Pandas DataFrame.describe() Function
Minahil Noor
Jan 30, 2023
-
Syntax of
pandas.DataFrame.describe()
: -
Example Codes:
DataFrame.describe()
Method to Find the Statistics of a Data Frame -
Example Codes:
DataFrame.describe()
Method to Find the Statistics of Each Column -
Example Codes:
DataFrame.describe()
Method to Find the Statistics of Numeric Columns
Python Pandas DataFrame.describe()
function tells about the statistical data of a DataFrame.
Syntax of pandas.DataFrame.describe()
:
DataFrame.describe(
percentiles=None, include=None, exclude=None, datetime_is_numeric=False
)
Parameters
percentiles |
This parameter tells about the percentiles to include in the output. All values should be between 0 and 1. The default is [.25, .5, .75] , which returns the 25th, 50th, and 75th percentiles. |
include |
It specifies the data types to include in the output. It has three options. all : all columns of the input will be included in the output. A list-like of data types: limits the results to the provided data types. None : The result will include all numeric columns. |
exclude |
It specifies the data types to exclude from the output. It has two options. A list-like of data types: excludes the provided data types from the result. None : The result will exclude nothing. |
datetime_is_numeric |
A boolean parameter.
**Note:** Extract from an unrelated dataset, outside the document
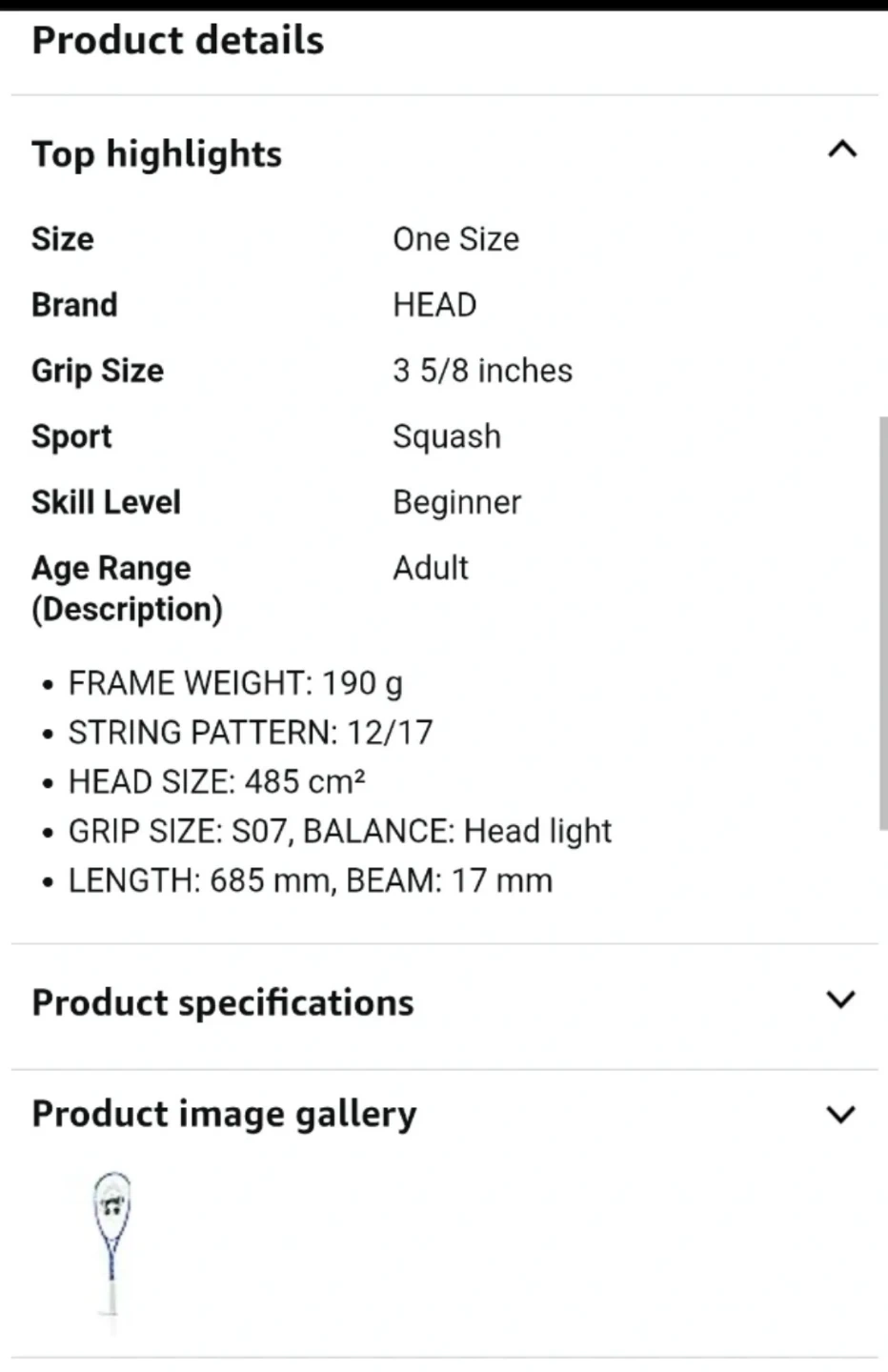 The racquet in the image is the HEAD Discovery Elite, a squash racquet typically designed for beginners.
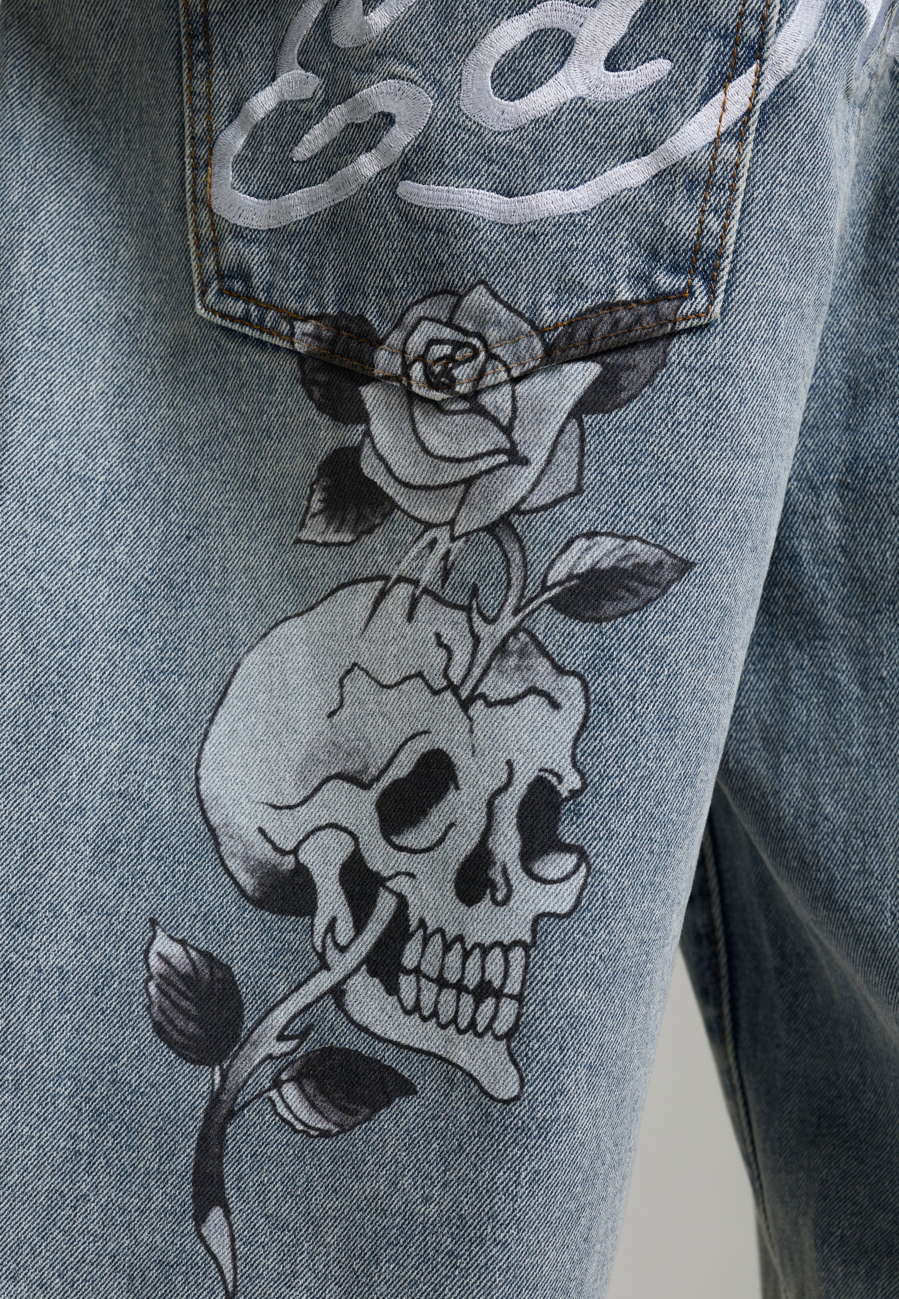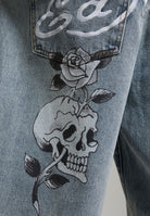100% COTTON RELAXED FIT ED HARDY EMBROIDERY SKULL ROSE GRAPHIC SOFTENER WASH

It tells whether to treat datetime data types as numeric. |
Return
It returns the summary of statistics of the Series
or Dataframe passed.
Example Codes: DataFrame.describe()
Method to Find the Statistics of a Data Frame
import pandas as pd
dataframe=pd.DataFrame({'Attendance': {0: 60, 1: 100, 2: 80,3: 78,4: 95},
'Name': {0: 'Olivia', 1: 'John', 2: 'Laura',3: 'Ben',4: 'Kevin'},
'Obtained Marks': {0: 90, 1: 75, 2: 82, 3: 64, 4: 45}})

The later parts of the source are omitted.